Billie fährt 72 Stunden, hört Janis Joplins Me and Bobby McGee aus den Autoboxen, schreibt unentwegt in ihr Notizbuch und erforscht die Grenzenlosigkeit ihres eigenen Daseins. „Vor mir erstreckten sich Felder, die an einen Wald grenzten, hinter mir lag die Stadt, dazwischen unsere Autobahn. Ich aß einen Schokoriegel und zog mein Notizheft noch einmal hervor. Ich schrieb: Der Nissan ist eine Rakete, und ich bin ein Astronaut, aber ohne Ausbildung.“ Denn obwohl Billie ihren Vater sucht, ist es die Freiheit, die sie findet. „Ich fuhr noch so lange weiter, bis die Welt weich gezeichnet vor mir lag.“
Mit der träumerischen Billie hat Elena Fischer eine kluge, fantasiebegabte Protagonistin geschaffen, die allegorisch und metaphorisch über Erwachsenwerden, Trauer, Verlust, Angst, Zweifel und Hoffnung spricht und einfach nicht aufgeben will, sondern sich entscheidet mutig zu sein. Berührend und knallhart mit Wärme und Tiefe schaukelt Billie zwischen dem Kindsein und dem Erwachsensein hin und her.

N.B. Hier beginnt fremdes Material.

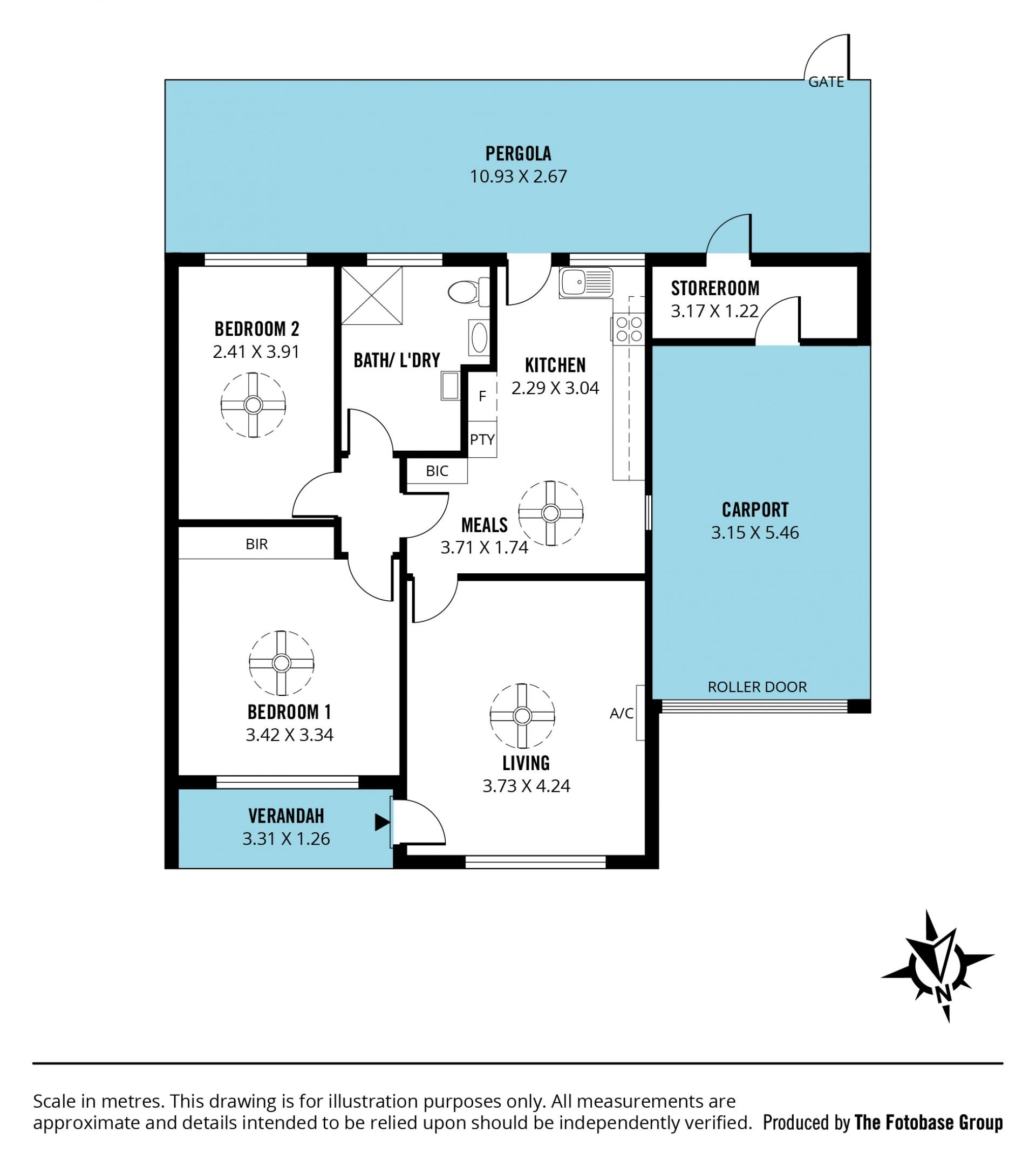 There are two bedrooms, both have ceiling fans & carpet floors, while the main has a large built-in robe. The renovated bathroom is generous in size, containing a walk-in shower, a vanity with storage, a toilet and laundry facilities. Additional features include roller shutters on all windows, quality flooring in the bedrooms & living area plus a ceiling fan in the meals area.
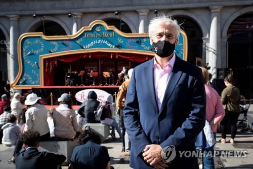 epa09545303 Teatro Real opera house's Director, Ignacio Garcia-Belenguer, poses during an event held outside the theater to mark the World Opera Day in Madrid, Spain, 25 October 2021. EPA/LUCA PIERGIOVANNI
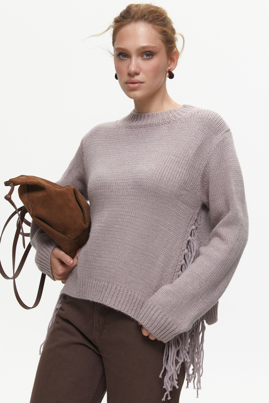 Светр вільного крою з бахромою по низу - вибір для тих, хто любить комфорт і бохо-естетику. Лаконічний силует дозволяє поєднувати його і з базовими джинсами, і з широкими штанами, а бахрома додає легкості рухам. Виглядає стильно як у кежуал-комбінаціях, так і в більш креативних вечірніх аутфітах. Спробуй поєднати його зі шкіряною мініспідницею та чоботами на невисоких підборах або з елегантними штанами та масивними прикрасами - і образ одразу зазвучить по-новому.
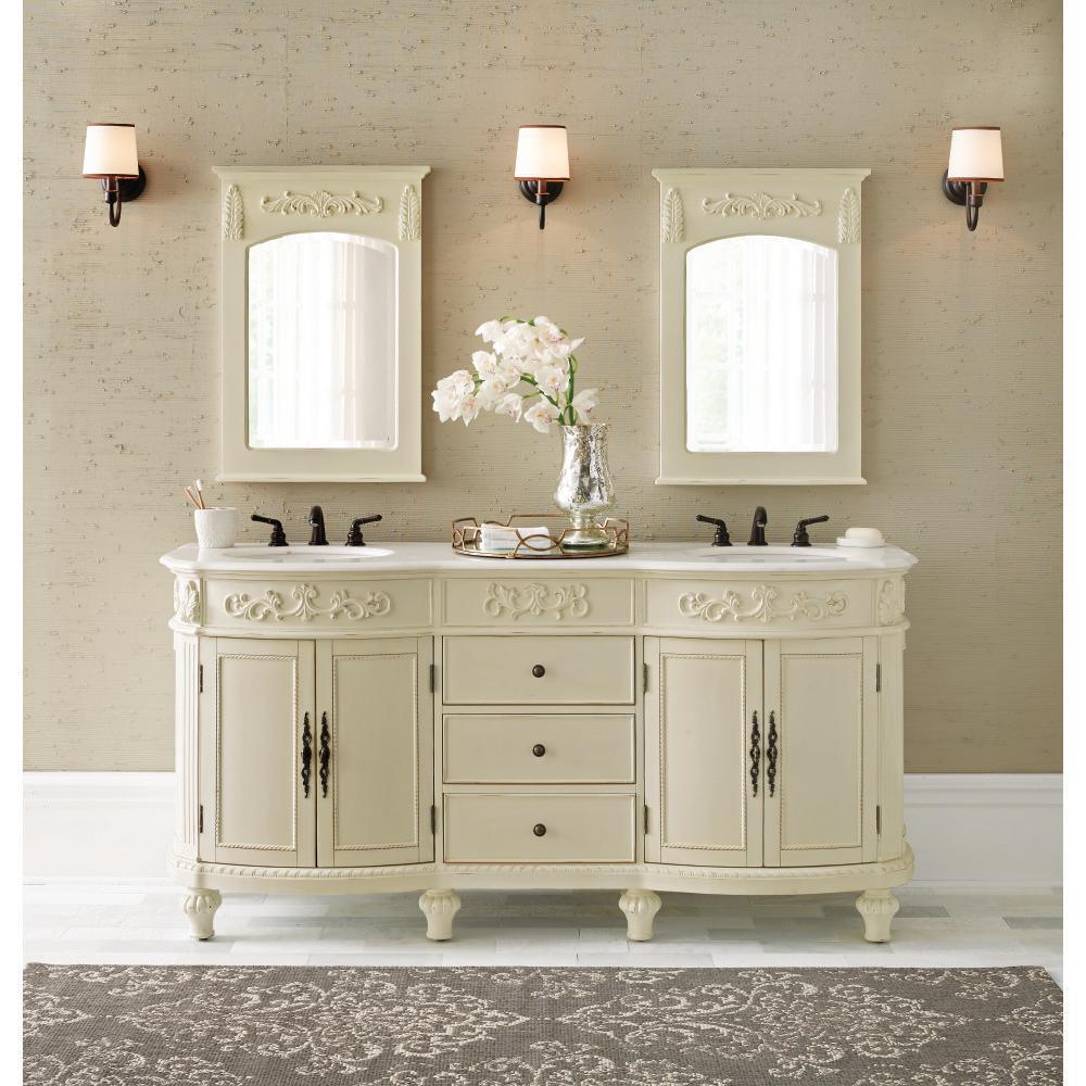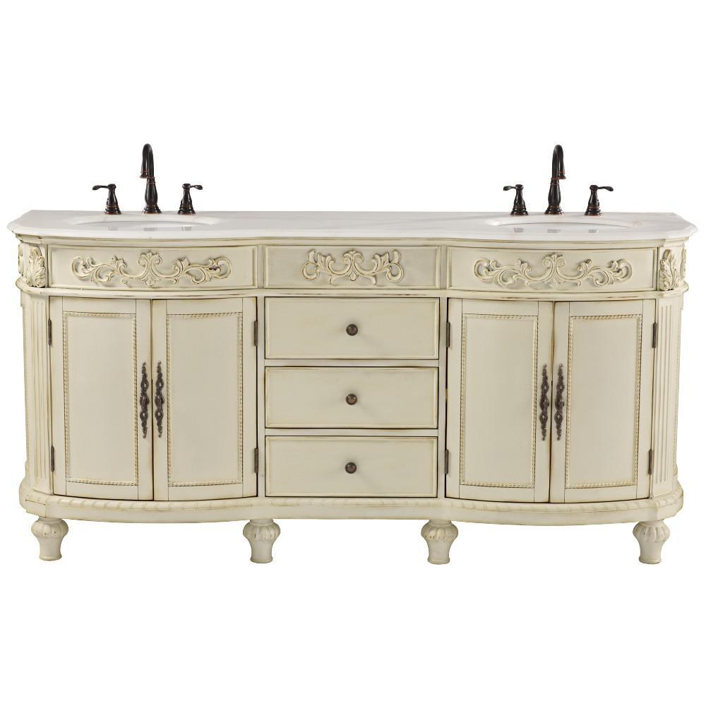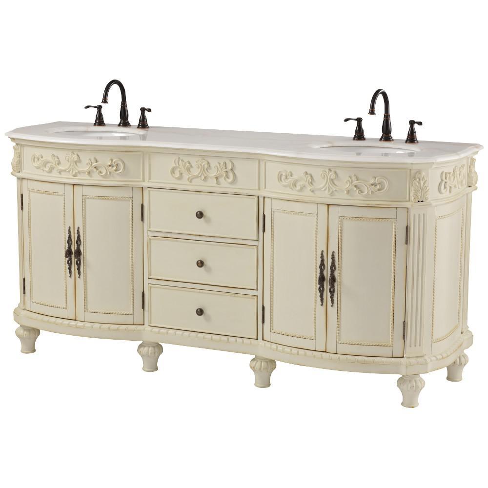 Chelsea 72 in. W Double Bath Vanity in Antique White with Marble Vanity Top in White
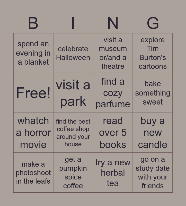 This bingo card has 16 words: get a pumpkin spice coffee, buy a new candle, visit a museum or/and a theatre, spend an evening in a blanket, whatch a horror movie, celebrate Halloween, read over 5 books, try a new herbal tea, Free!, visit a park, make a photoshoot in the leafs, explore Tim Burton's cartoons, find the best coffee shop around your house, bake something sweet, find a cozy parfume and go on a study date with your friends.
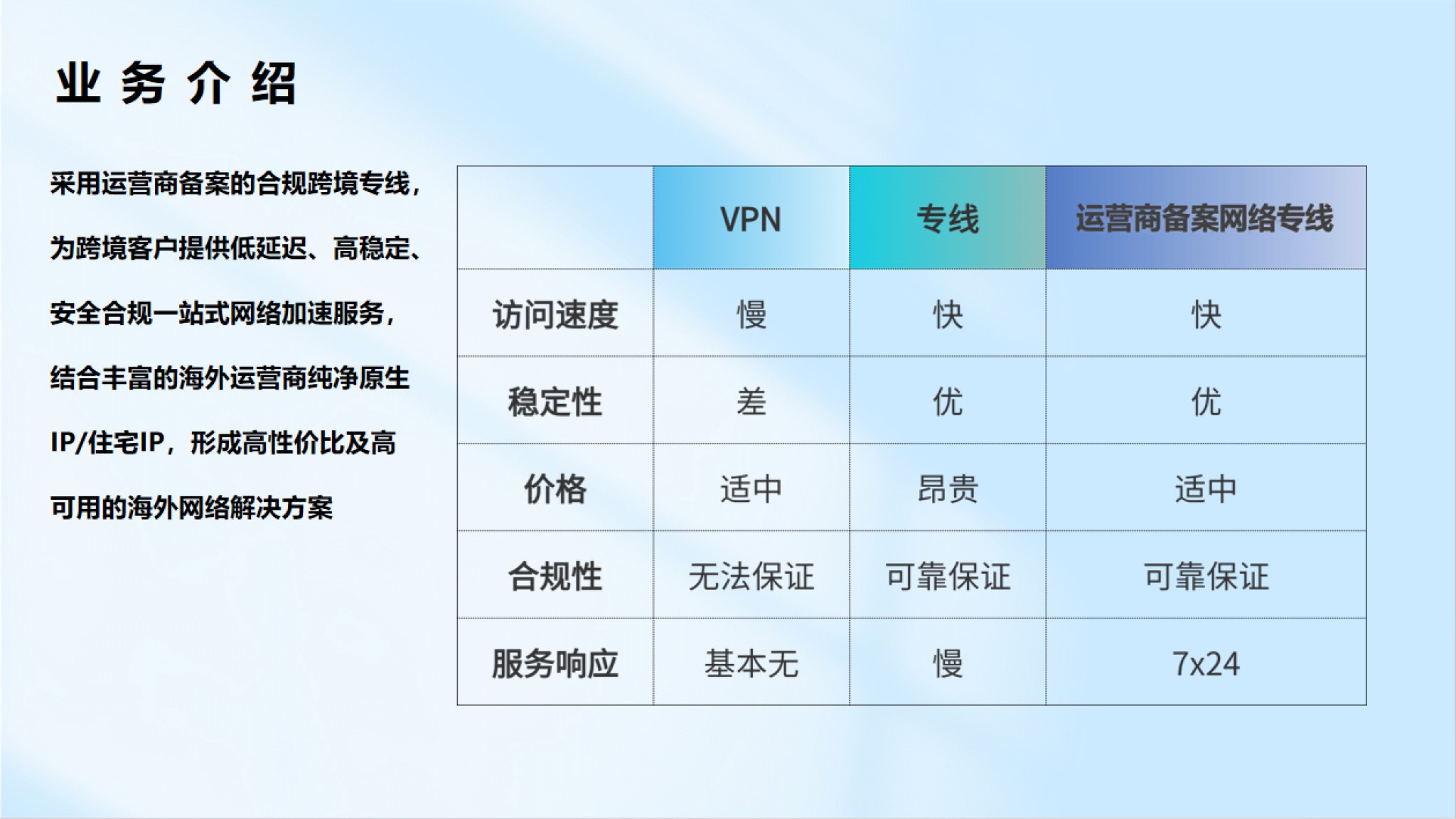 遵從運(yùn)營商規(guī)則,采用運(yùn)營商備案網(wǎng)絡(luò)專線,結(jié)合海外運(yùn)營商純凈獨(dú)享原生IP,提供低延遲、高穩(wěn)定、安全合規(guī)的海外網(wǎng)絡(luò)服務(wù)
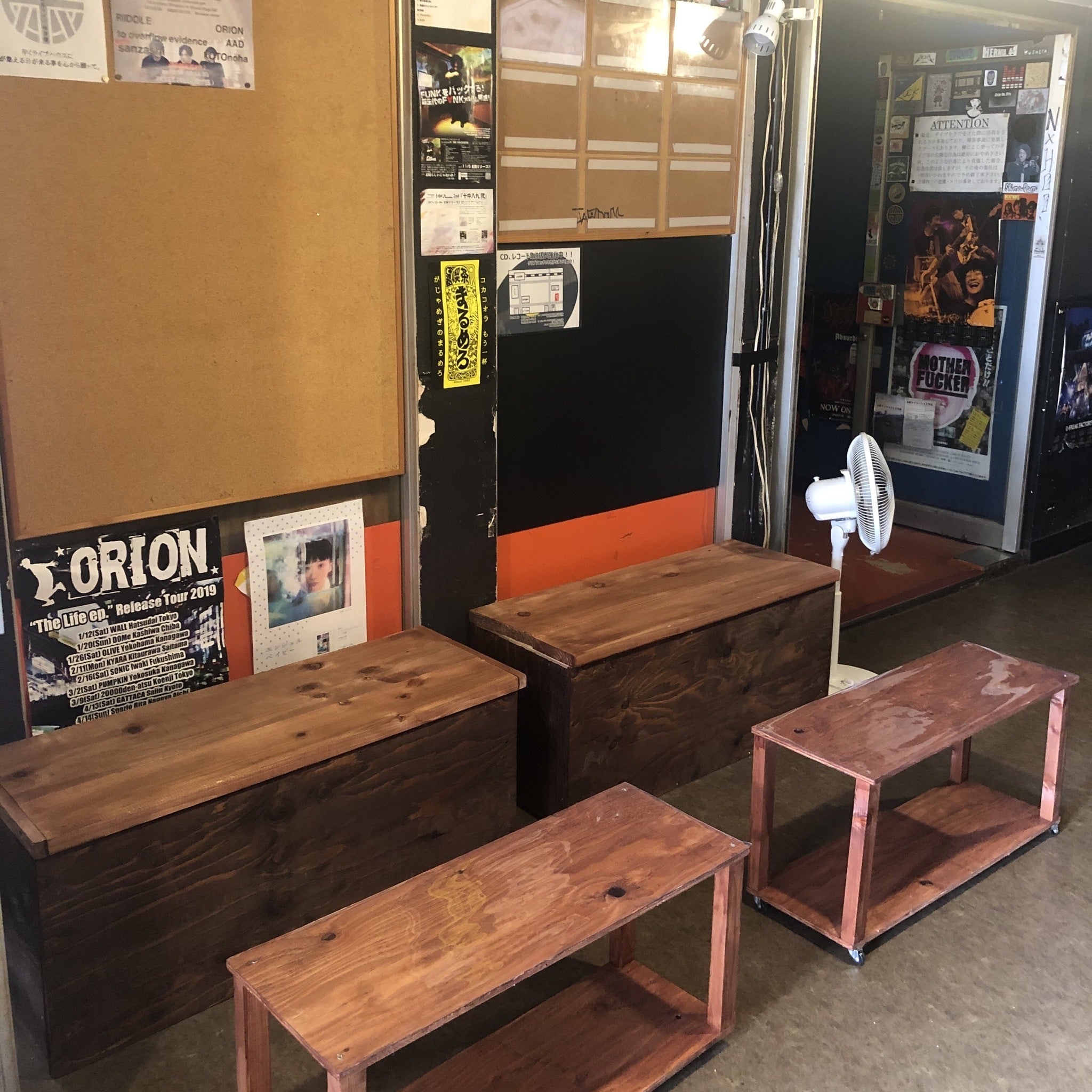 通常、写真のバックの所はライブスケジュールのポスターやチラシで埋め尽くされている場所。
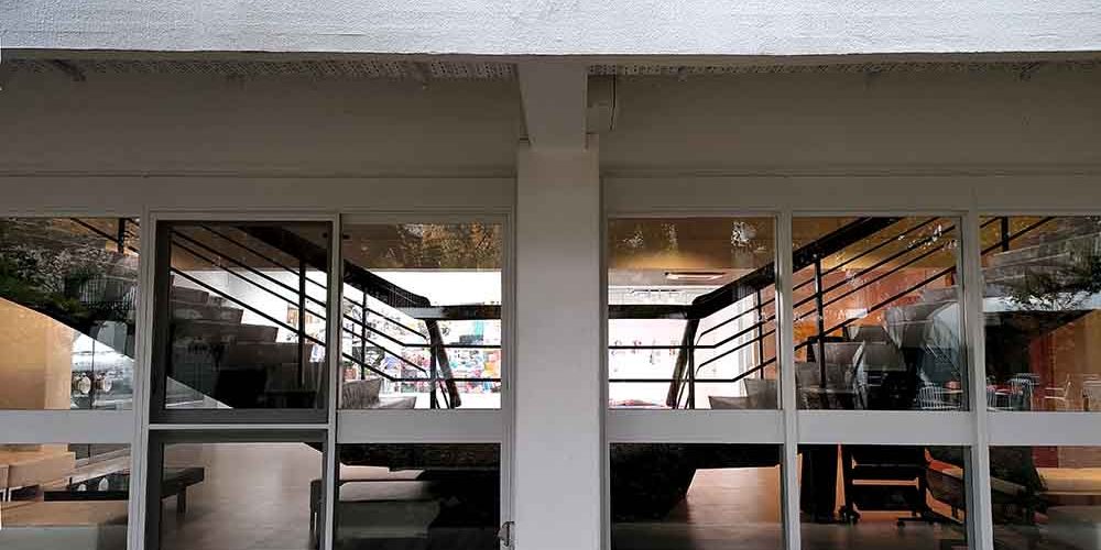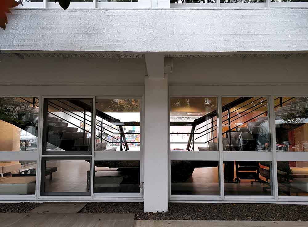 The other details the defines the exteriors is curtain walls. Sakakura used them in his projects. They are an exterior covering in which the outer walls are non-structural, so you can use lightweight materials. For this building, he used wooden sashes, which provides fine impressions a bit like Japanese shoji – partition panels.
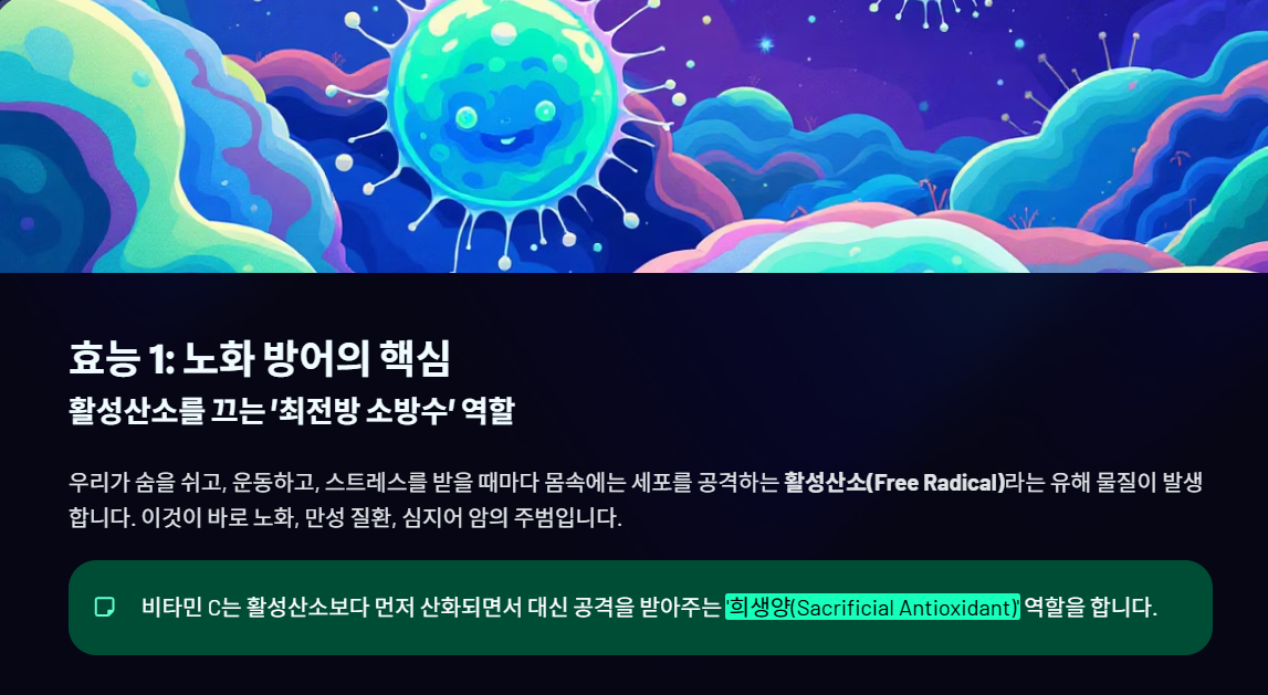 대부분의 사람들은 "비타민 C가 좋다더라" 정도로만 알고 섭취하지만, 정확히 어떤 원리로 우리의 몸을 지키는지 이해하면 섭취를 빼먹지 않고 꾸준히 챙기게 될 겁니다.

Ganz selbstverständlich vielleicht, dass die Nachbar:innen Luna, Ahmed und Uta oder Billies beste Freundin Lea, deshalb bloße unschattierte Umrisse bleiben. Ähnlich wie Ort und Zeit. Zudem passieren gerade gegen Ende hin ein oder zwei glückliche Zufälle zu viel, die an der Authentizität der Ereignisse kratzen. Doch trotzdem schafft es Paradies Garden, irgendwo zwischen Weinen und Lachen zu balancieren. Es ist vielleicht unrealistisch, oder einfach märchenhaft.
Der Roman behandelt die Frage: Was ist ein glückliches und gutes Leben? Ohne die Notwendigkeit aufzumachen, überhaupt Antworten liefern zu müssen. Und obwohl es sich, wie bei Tschick, um einen Coming-of-Age- und Road-Novel handelt, sind die beiden Romane kaum miteinander zu vergleichen. Denn Paradise Garden ist eine Entwicklungsgeschichte, vor allem aber ein Familienroman, wie Elena Fischer selbst im Interview mit der Zeit erzählt. Eine ergreifende Geschichte über die Freiheit einer Familie, die aus Mutter und Tochter besteht und auch über den Tod hinaus besteht.
Diogenes, 2023, 353 Seiten, Hardcover
Elena Fischer
Elena Fischer, geboren 1987, hat Komparatistik und Filmwissenschaft in Mainz studiert, wo sie mit ihrer Familie lebt. 2019 und 2020 nahm sie an der Darmstädter Textwerkstatt unter der Leitung von Kurt Drawert teil. Mit einem Auszug aus ihrem Debütroman Paradise Garden war sie 2021 Finalistin beim 29. open mike und gewann den Literaturförderpreis der Landeshauptstadt Mainz für junge Autorinnen und Autoren.